*INPUT*.
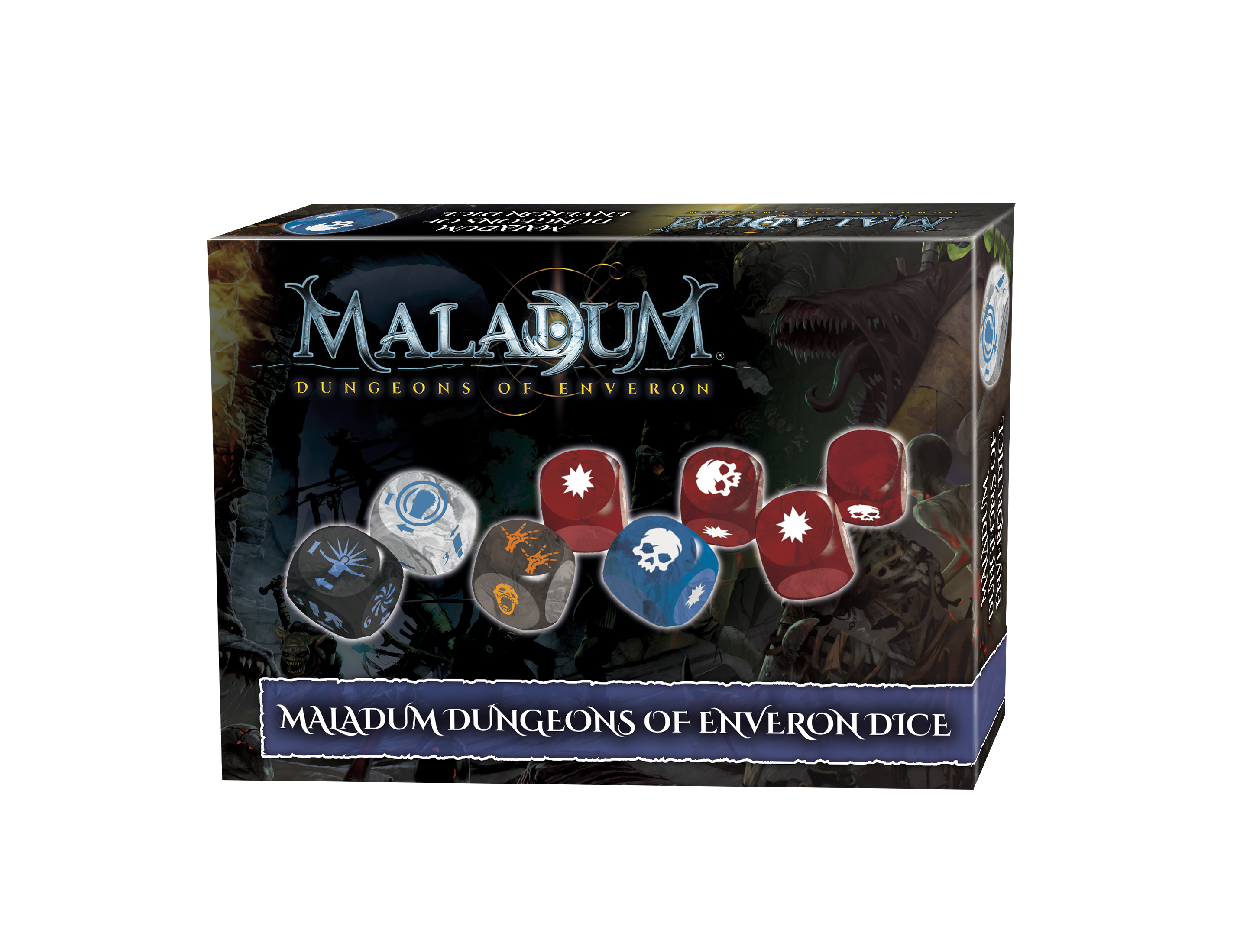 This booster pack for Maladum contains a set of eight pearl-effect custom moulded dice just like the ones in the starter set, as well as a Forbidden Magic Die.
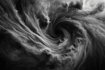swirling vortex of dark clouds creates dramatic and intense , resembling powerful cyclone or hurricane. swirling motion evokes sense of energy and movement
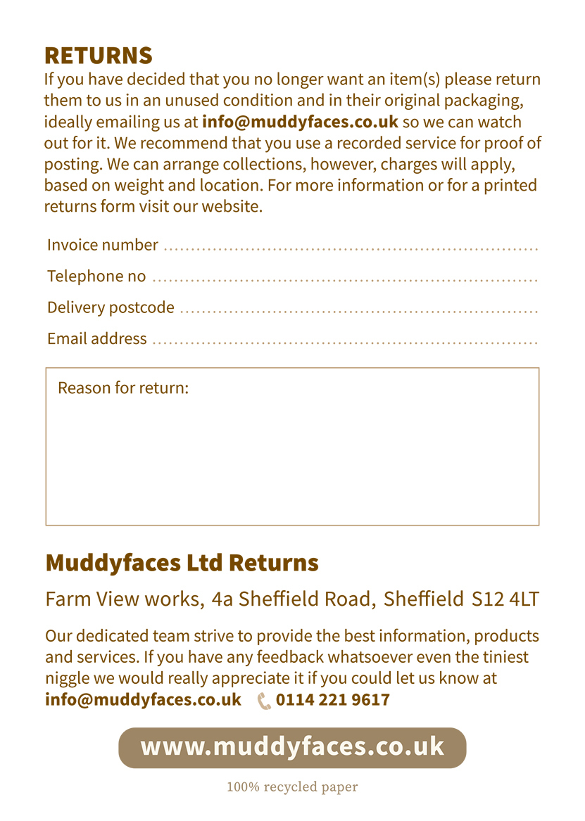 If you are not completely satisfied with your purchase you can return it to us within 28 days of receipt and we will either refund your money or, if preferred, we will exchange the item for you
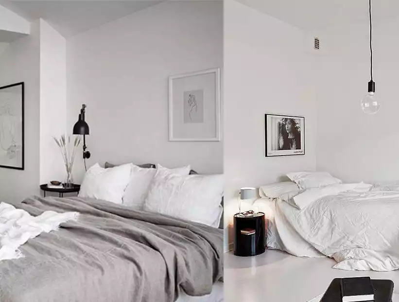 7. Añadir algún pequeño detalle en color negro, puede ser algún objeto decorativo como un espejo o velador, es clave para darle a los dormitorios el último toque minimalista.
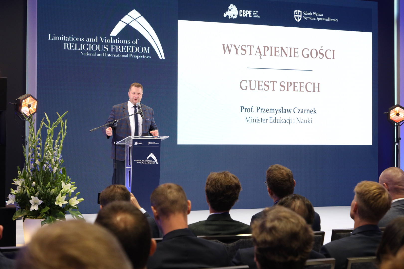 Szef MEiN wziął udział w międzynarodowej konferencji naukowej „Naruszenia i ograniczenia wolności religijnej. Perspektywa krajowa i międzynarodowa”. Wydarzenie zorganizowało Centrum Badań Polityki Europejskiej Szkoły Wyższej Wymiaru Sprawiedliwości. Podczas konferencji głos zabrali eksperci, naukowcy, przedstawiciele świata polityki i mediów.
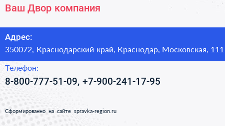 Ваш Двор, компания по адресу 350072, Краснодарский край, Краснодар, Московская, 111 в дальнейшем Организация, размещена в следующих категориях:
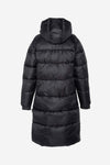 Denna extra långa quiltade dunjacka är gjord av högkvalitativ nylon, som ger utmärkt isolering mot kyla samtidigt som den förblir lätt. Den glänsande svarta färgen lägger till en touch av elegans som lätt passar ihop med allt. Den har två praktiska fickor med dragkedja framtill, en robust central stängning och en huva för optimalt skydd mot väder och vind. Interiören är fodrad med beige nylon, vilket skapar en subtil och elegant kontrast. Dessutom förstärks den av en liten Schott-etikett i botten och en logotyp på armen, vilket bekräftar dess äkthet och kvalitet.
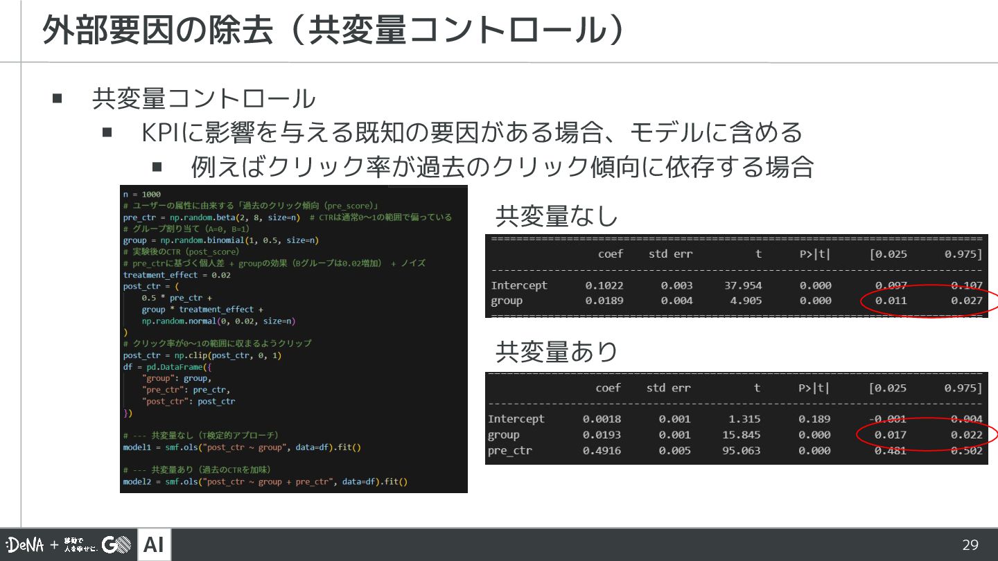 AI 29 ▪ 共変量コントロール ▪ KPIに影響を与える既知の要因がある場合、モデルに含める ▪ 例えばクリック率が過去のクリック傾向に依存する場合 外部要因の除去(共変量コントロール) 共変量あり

*YOUR GOAL*. Write out, word for word, the lines from the start of the data through the one holding "If you are not". Omit pictures.

*PROBLEM SOLUTION*.
 This booster pack for Maladum contains a set of eight pearl-effect custom moulded dice just like the ones in the starter set, as well as a Forbidden Magic Die.
swirling vortex of dark clouds creates dramatic and intense , resembling powerful cyclone or hurricane. swirling motion evokes sense of energy and movement
 If you are not completely satisfied with your purchase you can return it to us within 28 days of receipt and we will either refund your money or, if preferred, we will exchange the item for you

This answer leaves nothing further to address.